So am I to understand that supernumary nipples don't have an areola??? That seems relevant.

Depends on how developed they are. After the nipple/breast articles merge, someone can flesh it out (no pun intended) with more details on the several intergrading stages of this condition, mention higher up on the Talk page. SMcCandlish [talk] [contrib] 15:43, 11 July 2006 (UTC)

mine does Fantiquitous (talk) 23:13, 30 June 2008 (UTC)

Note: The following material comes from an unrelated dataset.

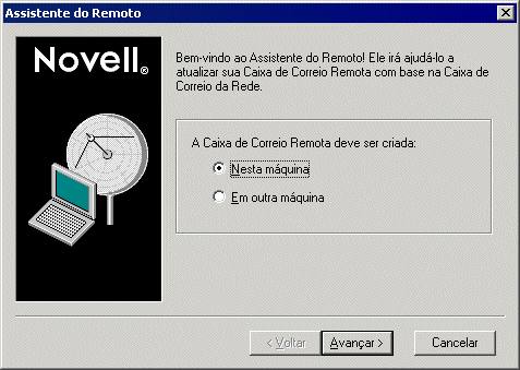 Para criar a Caixa de Correio Remota no laptop que está conectado com a rede que contém o sistema GroupWise Online, clique em Nesta Máquina e, em seguida, clique em Próximo.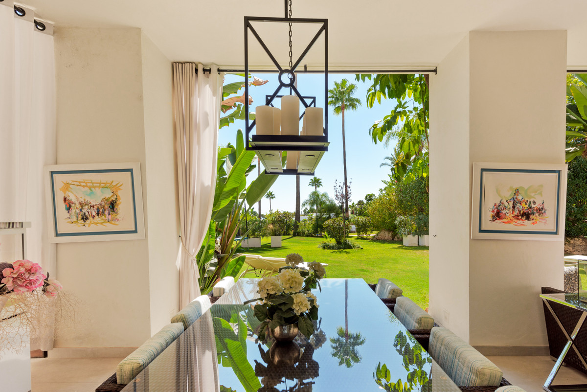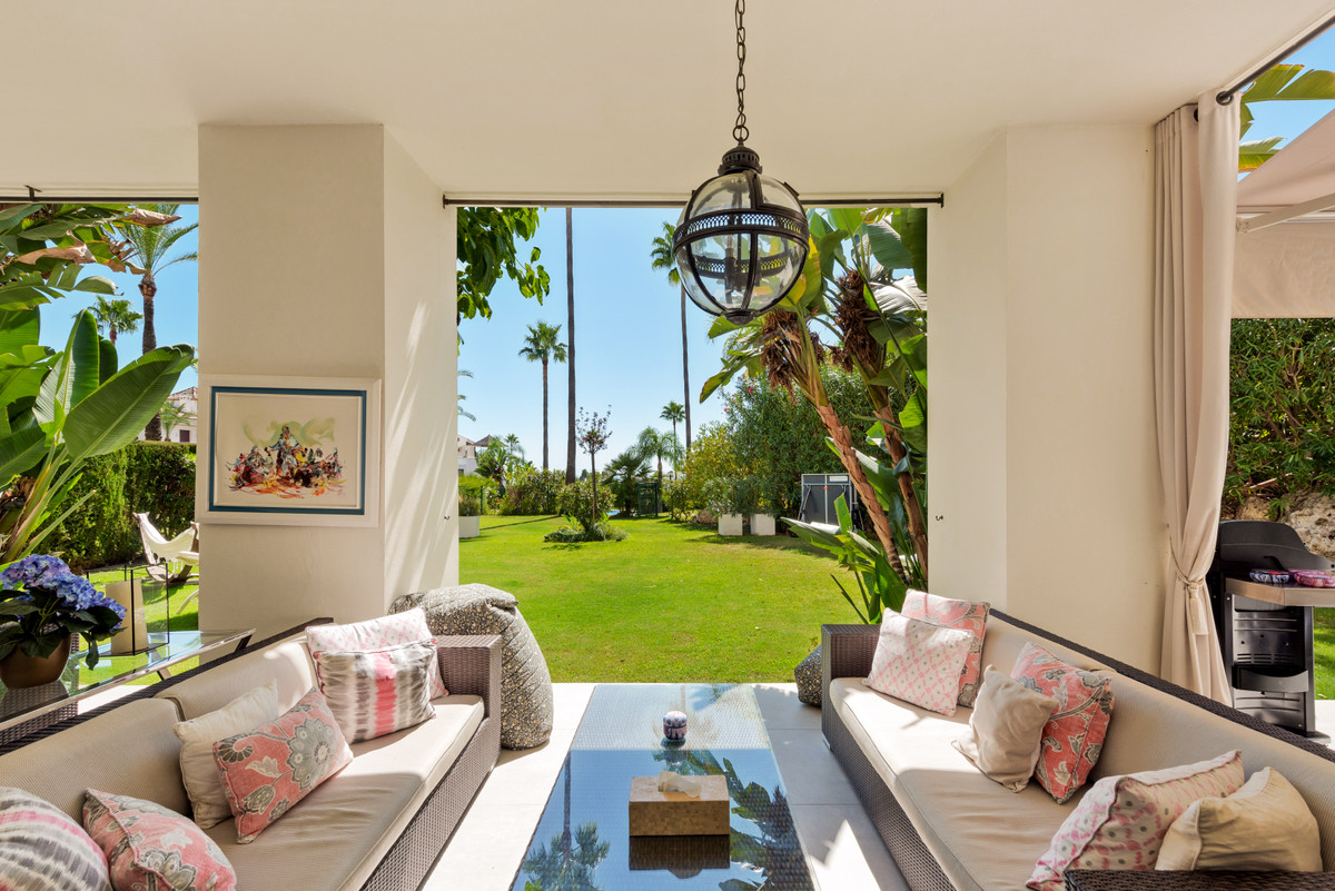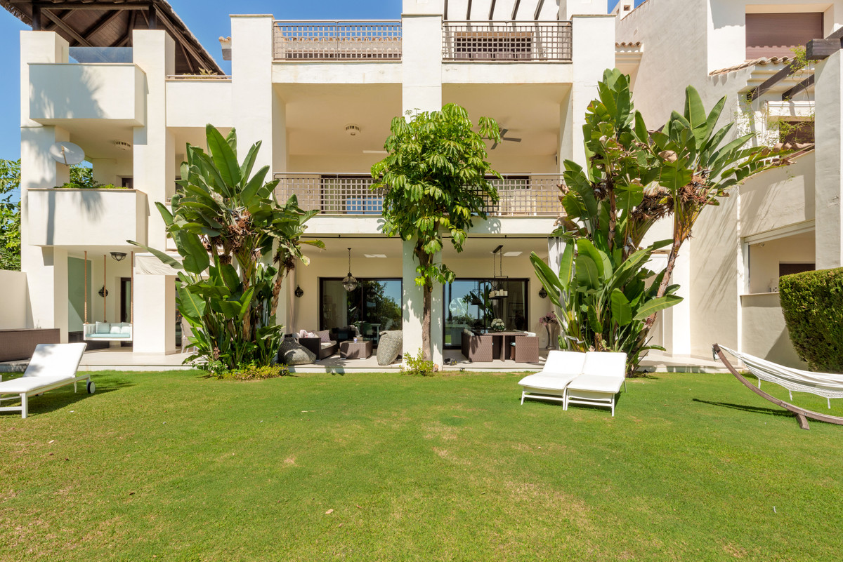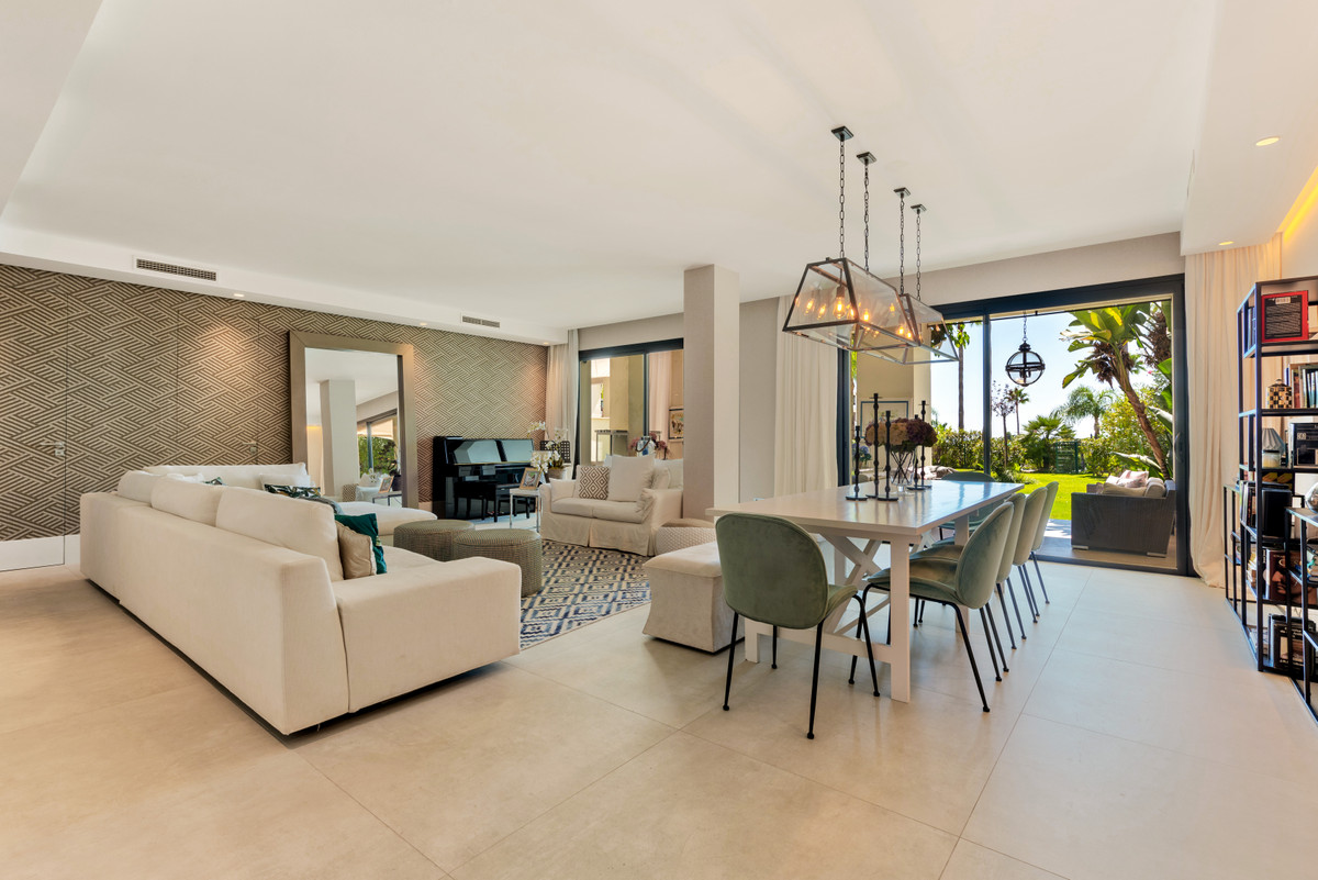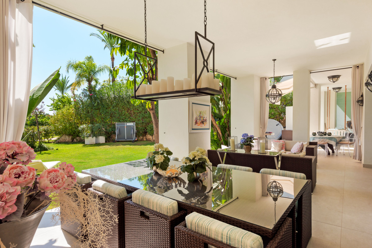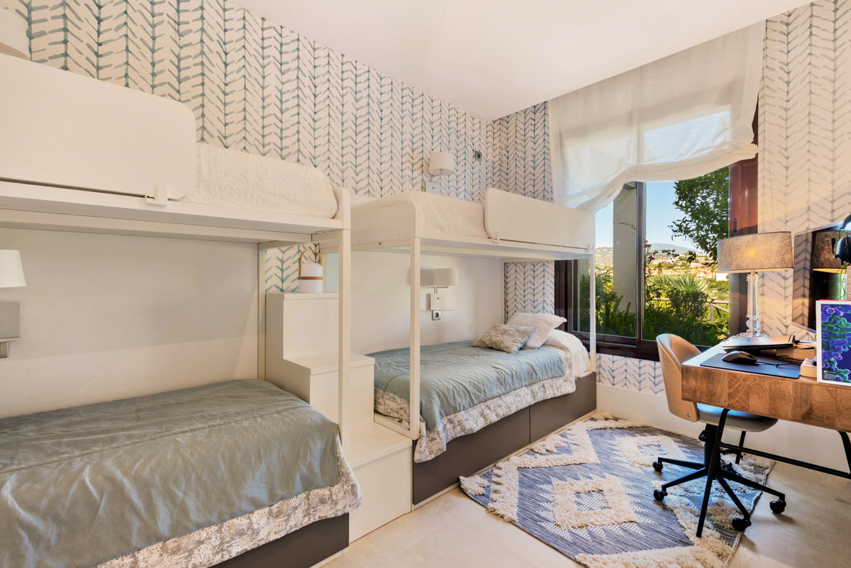 Unique, huge & luxury apartment with classy reform and a lot of class in privileged urbanization.This splendid luxury apartment of 270,05 sqm including the housing & porch , located in Mirador del Paraíso, Benahavis, combines exquisite decoration with cutting-edge designs. It offers a spacious and bright living space immersed in a natural environment that exudes tranquility. This is a unique property, the result of meticulous renovation that merged two apartments with 2 and 3 bedrooms.The heart of this home is a spacious living-dining area that connects to a cozy lounge. From here, you access a generous terrace & a very beautiful community garden of 269 sqm for private use that opens to a pool with panoramic views of the sea and the mountains. The kitchen is fully equipped and conveniently adjoins a laundry room. It is also super warm, surrounded by vegetation.This impressive property features 5 bedrooms, each with its own en-suite bathroom and amazing style. The Master bedroom even boasts a spacious walk-in closet. Additionally, a guest toilet is included for added convenience. Two storage rooms and 2 parking spaces complete the amenities of this exclusive residence. Without a doubt, it is a luxury apartment at all levels. ALA

:: mine do too. I have two additional nipples, very similar to the case shown on the picture. Because I have also a few moles on my torso, it's not immediate at first glance that I have 4 nipples. But a close look makes it obvious. I'm very proud of my 2 extra nipples, and often flaunt them at parties. Basically, if you take a normal looking male nipple and reduce its size by a factor 7, then you obtain what I've got. Very similar to what male dogs (and other mammalian males) have.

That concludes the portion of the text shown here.